President Donald Trump’s government has pledged at least $9m to Myanmar after the magnitude 7.7 quake. But his administration’s massive cuts to USAID have hindered its ability to respond, while China, Russia, India and other nations have rushed in assistance.

The Trump administration has moved to fire nearly all USAID staff in recent weeks, as billionaire Elon Musk’s Department of Government Efficiency has slashed funding and dismissed contractors across the federal bureaucracy in what it calls an attack on wasteful spending.

The three USAID workers have been sleeping on the streets in the earthquake zone, Wong said, adding that their terminations would take effect in a few months.

Residents have been sleeping outside for fear of aftershocks and further building collapses.
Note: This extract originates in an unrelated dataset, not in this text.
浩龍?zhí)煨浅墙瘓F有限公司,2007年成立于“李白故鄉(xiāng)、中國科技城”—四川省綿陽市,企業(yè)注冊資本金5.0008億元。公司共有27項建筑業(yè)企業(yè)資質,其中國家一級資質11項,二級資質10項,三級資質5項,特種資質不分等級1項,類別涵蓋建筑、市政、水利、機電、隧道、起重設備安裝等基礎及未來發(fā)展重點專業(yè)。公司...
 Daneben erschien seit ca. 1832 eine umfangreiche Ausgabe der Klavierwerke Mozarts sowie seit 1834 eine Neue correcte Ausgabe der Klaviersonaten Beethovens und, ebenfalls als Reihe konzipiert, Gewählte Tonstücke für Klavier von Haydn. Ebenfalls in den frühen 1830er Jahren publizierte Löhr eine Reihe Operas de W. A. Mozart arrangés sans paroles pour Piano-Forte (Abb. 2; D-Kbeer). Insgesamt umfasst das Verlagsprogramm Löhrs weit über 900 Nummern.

Wong said she is in contact with the remaining USAID staff and that she heard about the terminations after an all-staff meeting on Friday.

Former USAID staff say most of the people who would have coordinated the response have been let go, while third-party implementing partners have lost contracts. The US State Department did not immediately respond to a request for comment.

Secretary of State Marco Rubio on Friday rejected criticism that Washington was slow to respond to the March 28 earthquake because USAID was dismantled.

Rather, he told reporters in Brussels, Myanmar was not “the easiest place to work”, saying the military government does not like the US and prevents it from operating in the country as it wants to.

The United Nations has said the junta was limiting humanitarian aid.

Rubio said the US would no longer be the world’s top humanitarian donor, calling on other wealthy nations to step up in assisting Myanmar.